05 Dec Salmond warns Osborne: Westminster austerity won’t cut it for Scotland
Chancellor George Osborne will today announce the UK government’s autumn statement, outlining £5bn in cuts that are set to extend austerity into 2018.
The cuts will hit the Scottish government’s budget however according to the Scotsman, less than the UK average – 0.2 per cent in 2013/14 and 0.4 per cent in 2014/15.
The treasury will cut £5bn from already struggling Whitehall departments to invest in transport, schools and science projects.
Whitehall departments, excluding only four, will be expected to save in increasing measures – an extra 1 per cent (£950m) next year and another 2 per cent (£2.5bn) in 2014-15
The treasury claims that it will follow International Monetary Fund (IMF) recommendations that cuts should reflect necessary everyday spending and aim for long-term recovery rather than deliver a short-lived boost to the economy.
However, this prolonging of cuts will mean that austerity measures are set to continue long after the 2015 general election, reminding the UK that an exit from austerity cannot be simply achieved by a change in government.

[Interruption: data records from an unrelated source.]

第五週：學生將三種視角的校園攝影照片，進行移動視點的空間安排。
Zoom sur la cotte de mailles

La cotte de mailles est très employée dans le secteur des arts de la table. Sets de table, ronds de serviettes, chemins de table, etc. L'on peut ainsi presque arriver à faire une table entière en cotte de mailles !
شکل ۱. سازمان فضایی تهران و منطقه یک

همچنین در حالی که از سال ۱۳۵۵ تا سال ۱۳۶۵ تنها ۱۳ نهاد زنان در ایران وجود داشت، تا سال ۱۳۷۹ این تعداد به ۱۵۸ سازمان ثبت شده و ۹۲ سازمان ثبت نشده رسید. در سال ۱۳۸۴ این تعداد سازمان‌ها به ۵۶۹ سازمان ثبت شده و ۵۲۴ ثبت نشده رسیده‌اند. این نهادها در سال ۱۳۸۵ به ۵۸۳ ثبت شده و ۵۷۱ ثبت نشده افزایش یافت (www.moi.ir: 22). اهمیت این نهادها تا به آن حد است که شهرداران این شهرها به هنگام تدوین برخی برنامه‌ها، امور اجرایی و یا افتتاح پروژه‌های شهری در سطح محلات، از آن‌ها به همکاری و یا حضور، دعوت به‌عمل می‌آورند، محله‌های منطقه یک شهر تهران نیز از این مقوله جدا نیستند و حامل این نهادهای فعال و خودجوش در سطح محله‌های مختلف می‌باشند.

In England, other than education, heath, international development, nuclear decommissioning and HM Revenue and Customs will be safeguarded from the cuts, but Scottish Ministers will make their own decisions regarding the distribution of Scotland’s share of the UK cuts.

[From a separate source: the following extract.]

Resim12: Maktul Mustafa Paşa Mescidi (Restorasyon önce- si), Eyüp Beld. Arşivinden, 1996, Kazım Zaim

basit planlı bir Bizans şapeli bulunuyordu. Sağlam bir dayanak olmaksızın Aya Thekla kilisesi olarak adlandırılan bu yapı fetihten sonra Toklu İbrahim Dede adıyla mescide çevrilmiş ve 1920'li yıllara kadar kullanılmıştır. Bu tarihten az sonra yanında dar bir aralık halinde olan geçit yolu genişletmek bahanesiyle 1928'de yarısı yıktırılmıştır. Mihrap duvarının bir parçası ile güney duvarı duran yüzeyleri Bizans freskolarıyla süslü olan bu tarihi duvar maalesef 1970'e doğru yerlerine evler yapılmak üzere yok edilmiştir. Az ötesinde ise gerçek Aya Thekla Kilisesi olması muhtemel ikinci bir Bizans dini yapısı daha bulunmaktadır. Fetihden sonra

Of the Westminster imposed cuts, First Minister Alex Salmond said:
“Increasing capital investment by simply cutting departmental budgets will not achieve the increase in demand in the economy that is so urgently needed – this investment must be additional.
“Unlocking additional funds for investment in public sector capital projects through the use of the UK government’s borrowing powers would provide an immediate and targeted stimulus across the three devolved nations,”
Questions have arisen following recent revelations about tax avoidance from major corporations including Amazon, Starbucks and Google and VAT loopholes on digital sales which costs the UK more than Olympics.
Many have been bewildered as to why so many tax and loopholes continue to exist with £1.6bn lost from buying services from overseas companies each year alone.
Similarly with the Libor scandal, where major UK banks including Barclays and RBS were amongst those rigging the rates at which they borrowed from other banks – an accurate cost to the UK taxpayer is unknown, but the manipulated interest rates are tied to around $800 trillion in loans and securities.
It appears to many critics that the UK government is ready to deliver tough austerity cuts which hit ordinary taxpayers. However City financiers, who triggered the financial crash in 2008 and resulting in the economic crisis, remain too big to fail.